British actor (1934–2017)

Philip George William Bond (1 November 1934 – 17 January 2017) was a British actor. He was best known for playing Albert Frazer in 24 episodes of the 1970s BBC nautical drama The Onedin Line.

==Life and career==
Bond was born at 189 Uxbridge Street in Burton-on-Trent, Staffordshire, to Welsh parents Matthew William Bond (1899–1951) and Blodwen (née John; 1900–1981); he had an older brother, Ifor John Bond (1929–1992), and a twin sister, Shirley. Bond's first acting experience was at Burton Boys' Grammar School, where he was a pupil, and in addition attended classes at the School of Speech and Drama in Burton. In 1952 he joined the Central School of Speech and Drama (then based in rooms in the Royal Albert Hall), where contemporaries included Delena Kidd, Heather Sears and Ian Hendry. In 1957, he played Sir John Marraby in the musical Zuleika, based on the novel Zuleika Dobson by Max Beerbohm.

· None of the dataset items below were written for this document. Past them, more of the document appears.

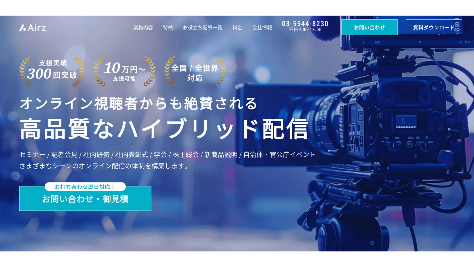 イベントを成功させたいと考えている人におすすめなのが、運営代行会社の活用です。イベント運営代行会社を頼れば、イベントの企画や準備・当日の運営・アフターフォロー・効果測定などを代行してくれます。 数々のイベントを代行してきたプロに任せられるため、高い成果が期待できるでしょう。社内のリソースを抑えられるため、コア業務にコミットできるのも嬉しいポイントです。イベント運営のサポートはAirz Hybridにお任せください!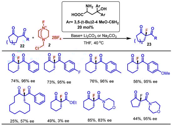 Endo et al. reported a highly enantioselective α-fluorination protocol for both the cyclic and acyclic β-dicarbonyl compounds 23 and 11, including β-diketones, β-ketoesters, and β-ketoamides, using a bulky β,β-diaryl serine primary amine catalyst and Selectfluor 2 as the fluorinating agent. The reaction employs β,β-diaryl serine catalysts and is significantly improved by the addition of alkali metal carbonates, i.e., Li2CO3 or Na2CO3 [].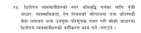 बोर्डले सार्वजनिक गरेको आर्थिक वर्ष २०७५/७६ को नीति तथा कार्यक्रम अनुसार धितोपत्र व्यवसायीहरूको स्तर अभिवृद्धि गर्नकालागि पुँजी आधार, व्यवसायिकता, ऎन नियमको परिपालना तथा प्रतिस्पर्धी सेवालगायत अन्य उपयुत्त परिसूचक तयार गरी सोको आधारमा धितोपत्र व्यवसायीहरूको वर्गीकरण कार्य गर्ने/गराउने कुरा उल्लेख छ ।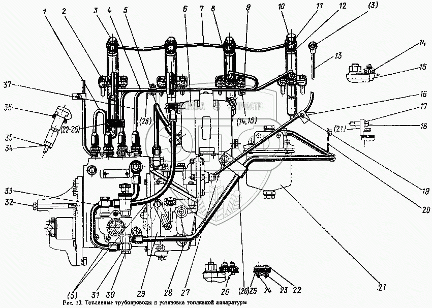 Каталог запасных частей к технике: МТЗ-100. Топливные трубопроводы и установка топливной аппаратуры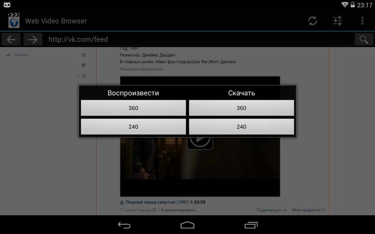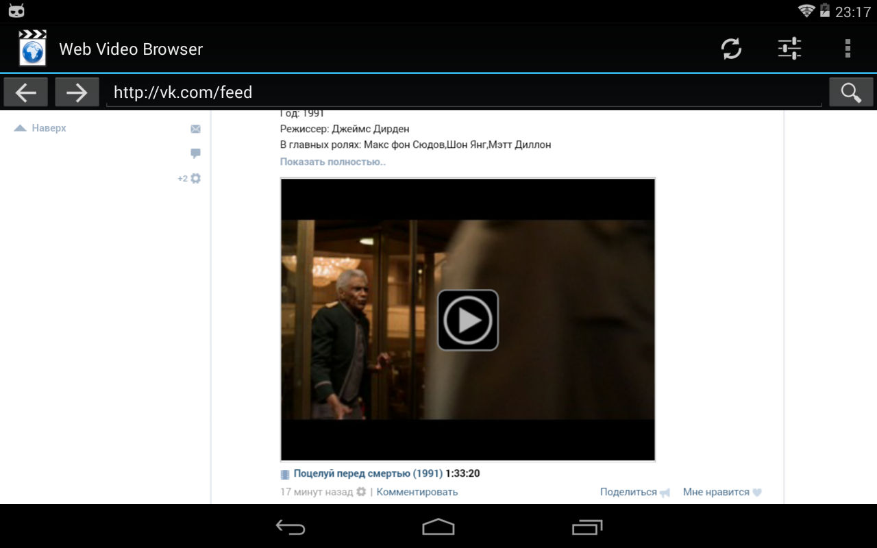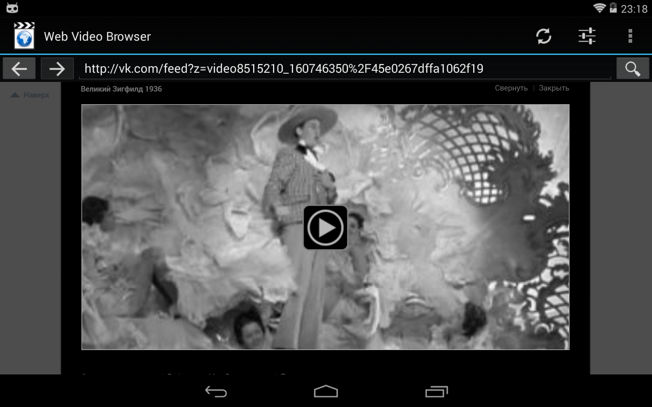 Web Video Browser - это упрощённый браузер, который позволяет смотреть видео из социальной сети ВКонтакте в своём любимом видео плеере - ES Player, MX Player или др. Дополнительно поддерживается обработка HTML5 видео, YouTube iframe, плеера от HDSerials.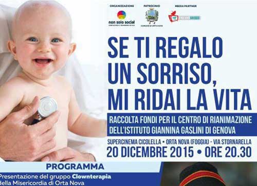 Domenica 20 ottobre, raccolta fondi pro-Gaslini di Genova al CineTeatro Cicolella di Orta Nova. Evento creato per donare un sorriso ai meno fortunati. Il direttore artistico: “L’impegno ripaga di ogni difficoltà legata all’organizzazione”  Continua >>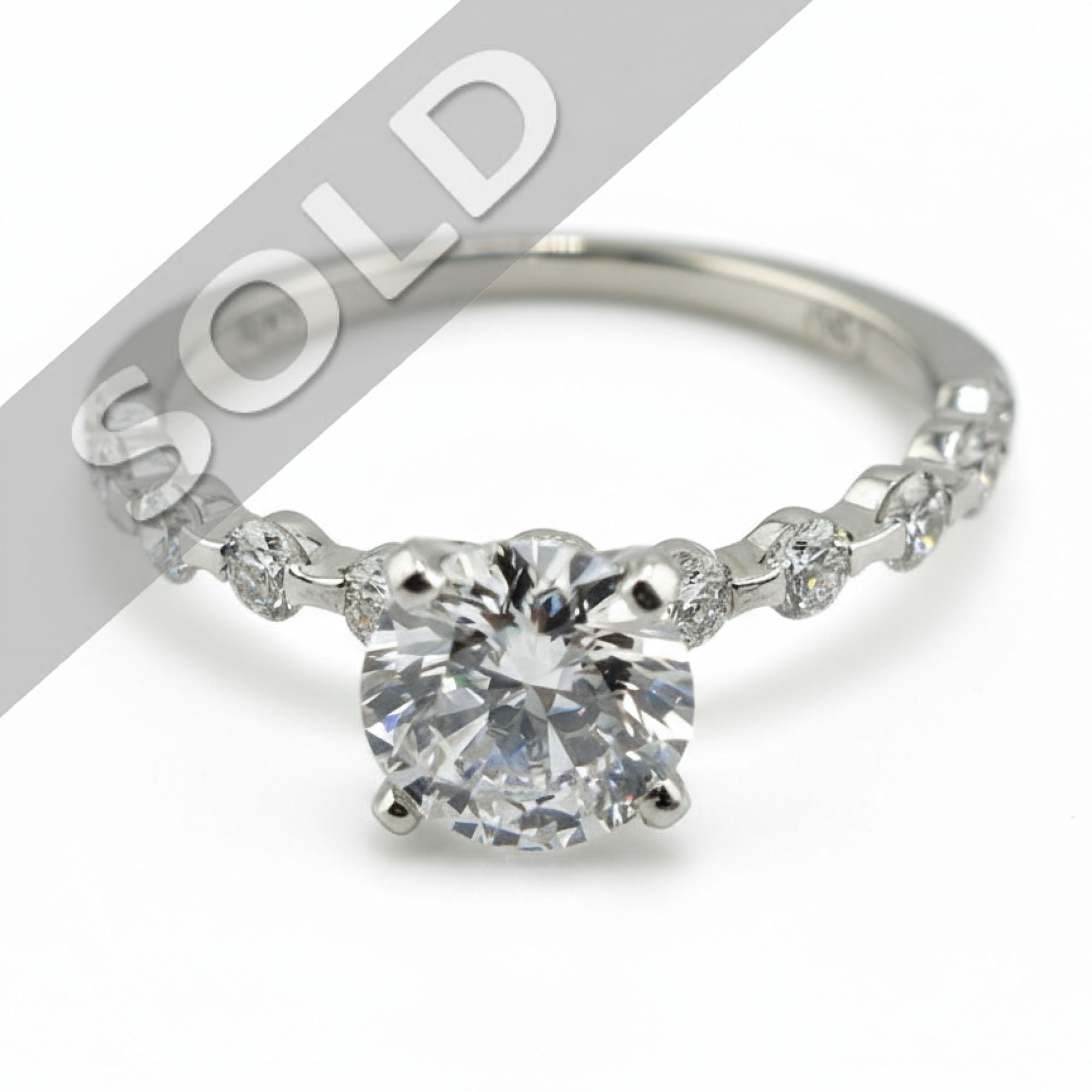Marion showcases a 1.09 carat round brilliant center diamond of Ideal cut and VVS1 clarity, accented by alternating bezel and prong-set diamonds along the band for a total diamond weight of 1.52 carats. Crafted in 18k white gold, this elegant design captures the essence of timeless sophistication—where craftsmanship and brilliance meet in perfect harmony.

His first television role was in the series ITV Television Playhouse (1958–61). He later appeared in, among others, The Saint (1963), Doctor Who (in the serial "The Daleks"; 1964), The Hound of the Baskervilles (1968), The Avengers (1969), Z-Cars (1969–75), Only Fools and Horses (1985), Casualty (2007), and Midsomer Murders (2007).

Bond's film roles include Count Five and Die (1957), Orders to Kill (1958), Foxhole in Cairo (1960), I Want What I Want (1972), and Fever Pitch (1997). He was interviewed in the 2008 documentary The Cult of The Onedin Line.

He married the television producer Pat Sandys (1926–2000) in 1959. The marriage was later dissolved. With Sandys he is the father of actresses Abigail and Samantha Bond, and the film and TV journalist Matthew Bond. He lived in the village of Abergwynfi in his parents' native Wales.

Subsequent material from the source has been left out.